START SUPPLIED ENTRIES
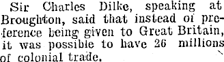 Sir Charles Dilke, speaking at Broughton, said that instead of preference being given to Great Britain, it was possible to have 26 millions ol colonial trade.
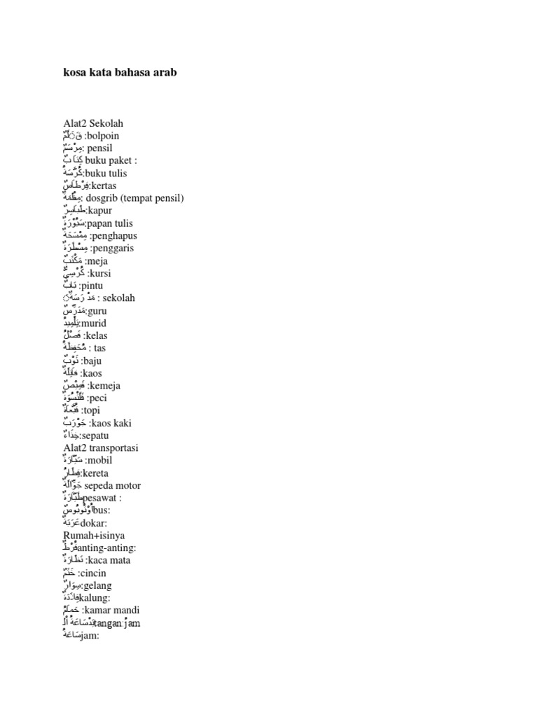 Kosakata Bahasa Arab Indonesia Posts Facebook
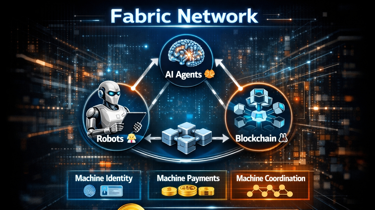Fabric provides financial rails allowing robots and AI agents to receive payments, execute tasks, and interact with decentralized markets.
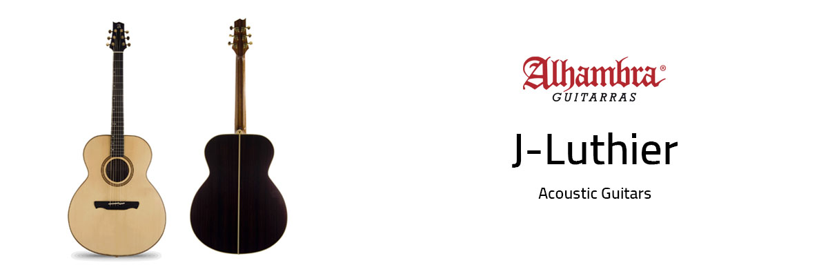 Alhambra J Luthier acoustic guitar Jumbo body. These premium acoustic guitars are hand-crafted in Spain using artisan construction techniques inherited from the Spanish master luthier. These guitars have a tone and finish difficult to find in other guitars. The Alhambra Luthier series are manufactured by an exclusive group of craftsmen in dedicated facilities.
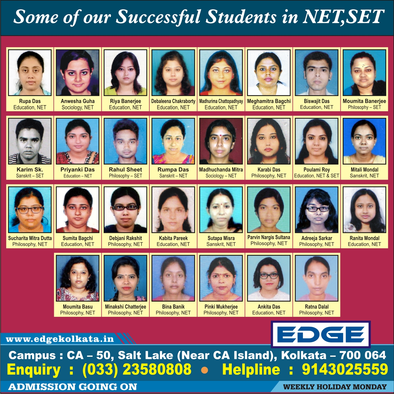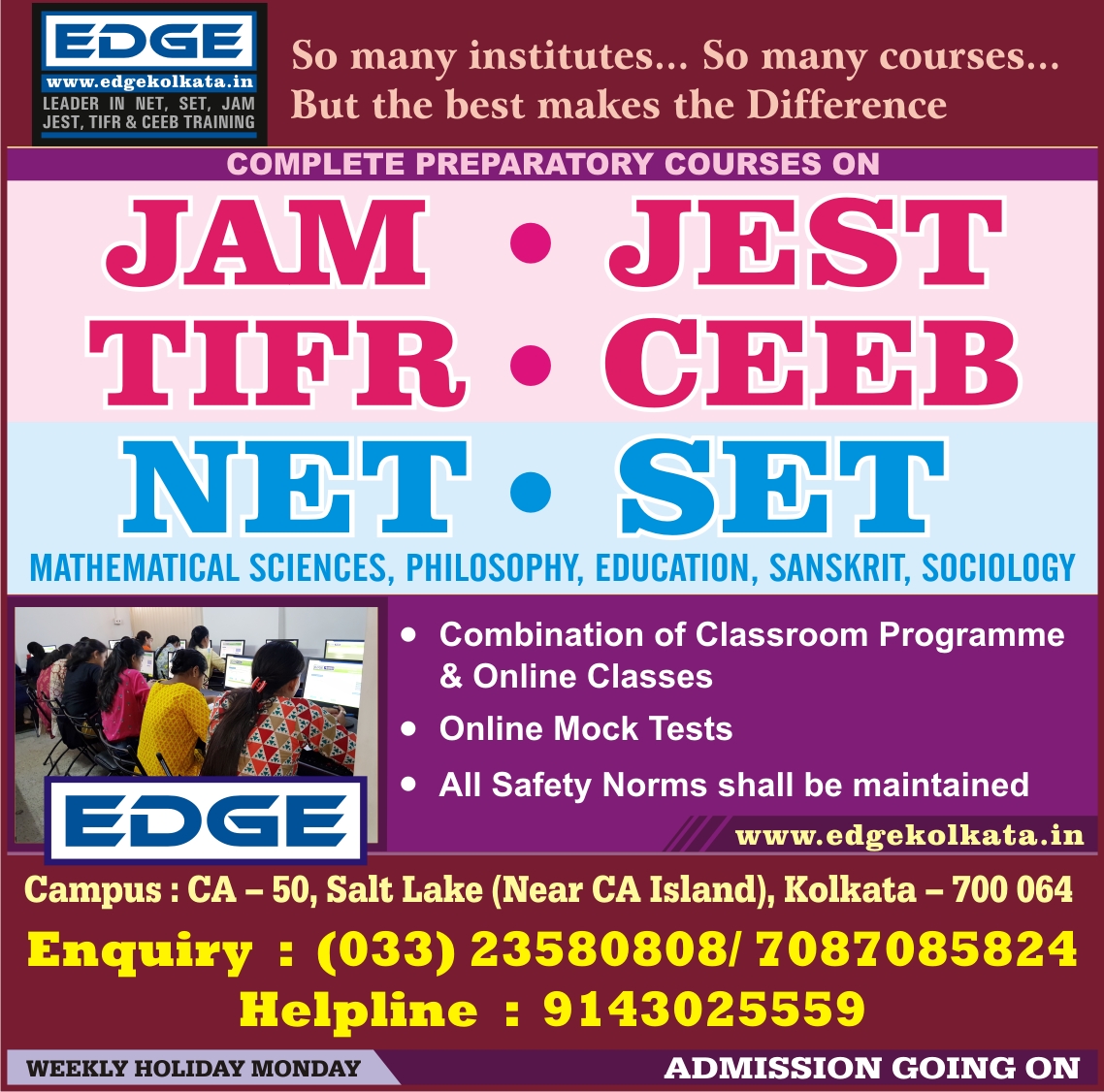 We, at EDGE, offer comprehensive and well-structured preparatory courses on NET/SET [Mathematical Sciences, Philosophy, Sanskrit, Education & Sociology], IIT-JAM, (Physics, Chemistry, Mathematics Biotechnology), JEST, TIFR, CEEB.
END SUPPLIED ENTRIES
* _TO DO_:
Give back exactly the lines from the first line of the data through the line with "Fabric provides financial", pictures excluded.

* _FINAL ANSWER_:
 Sir Charles Dilke, speaking at Broughton, said that instead of preference being given to Great Britain, it was possible to have 26 millions ol colonial trade.
 Kosakata Bahasa Arab Indonesia Posts Facebook
Fabric provides financial rails allowing robots and AI agents to receive payments, execute tasks, and interact with decentralized markets.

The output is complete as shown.